Mais je parle, je parle et j’en oublie le principal : vous raconter la fin de ce thriller covidien qui ne fait qu’effleurer les questions de la difficulté de vivre malgré les dangers ou le fatalisme qui nous guette et pourrait nous éclairer sur nos misérables conditions d’êtres humains plus ou moins égaux devant la maladie. Le film nous conforte dans notre assurance d’être logés à la même enseigne quand il s’agit d’attendre qu’un dirigeant honore ses promesses de vaccins pour tous… Mais Songbird n’est pas que le prétexte à une habile réflexion sur les inégalités sociales ou une dystopie éclairante sur le monde d’avant, ni même le blockbuster palpitant de l’an 1 qui pourra un jour devenir le film de toute une génération, c’est bien plus que ça.

Non je déconne, c’est un navet.

Pour en finir, tandis que les deux héros s’en sortent parce qu’ils sont immunisés (vous l’aurez compris, on est dans les Vacances de l’amour, pas chez Flaubert…) et sans céder au complotisme, je me demande tout de même pourquoi les tourtereaux rallient le seul endroit sur terre à ne pas être infecté par le virus, qui se trouve être Big Sur en Californie et comme par hasard le nom du nouvel OS d’Apple…

Coïncidence ?

Songbird, de Adam Mason, produit par Michael Bay, avec K.j. ApaSofia Carson, Craig Robinson, Bradley Whitford, Peter Stormare, Alexandra Daddario, Paul Walter Hauser, Demi Moore. Durée 1:24:59, disponible en VOD, Metropolitan Films 2020. 

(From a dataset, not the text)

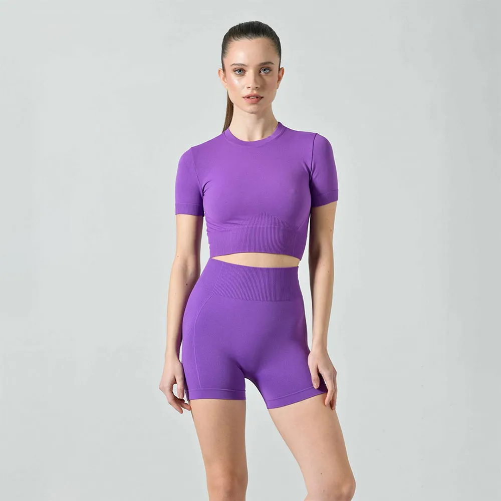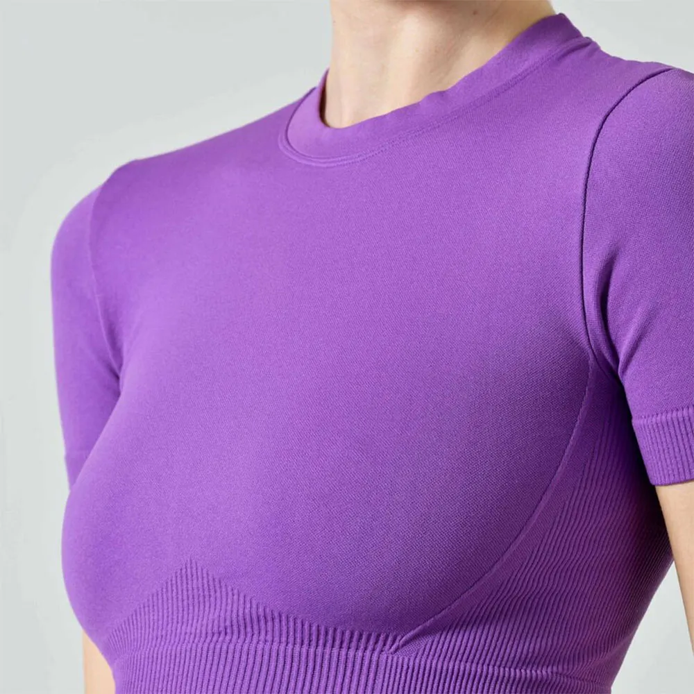 Топ из эластичной микрофибры с короткими рукавами и ребристыми деталями.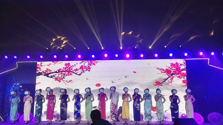 圖為旗袍秀現(xiàn)場(chǎng) 晚會(huì)一開(kāi)場(chǎng),由椒江區(qū)前所街道前所村(全國(guó)文明村)表演的鑼鼓舞《歡慶新時(shí)代》馬上將觀(guān)眾帶入到熱烈的氣氛中。隨后,各家單位選送的15個(gè)節(jié)目以小品、舞蹈等多種形式,展示學(xué)習(xí)貫徹落實(shí)十九大的成績(jī),歌頌新時(shí)代黨領(lǐng)導(dǎo)下的新氣象。 公司員工包德福代表公司參加晚會(huì),獨(dú)唱歌曲《天際》,其動(dòng)聽(tīng)的歌聲贏(yíng)得了現(xiàn)場(chǎng)觀(guān)眾的陣陣掌聲和喝彩。 周茂森

Post Scriptum : et si vous vous demandez pourquoi ça s’appelle Songbird, on peut émettre une hypothèse à pas cher : la bande annonce s’ouvre sur « Three Little Birds » de Bob Marley et ses Wailers. Une chanson de 1977 qui fleurait bon l’optimisme sous l’emprise de substances qui font rire : Three little birds / beside my doorstep / Singin’ sweet songs / Of melodies pure and true…

Songbird… Des oiseaux qui chantent. Et puis quoi encore ? Pourquoi pas des lendemains tant qu’on y est ?!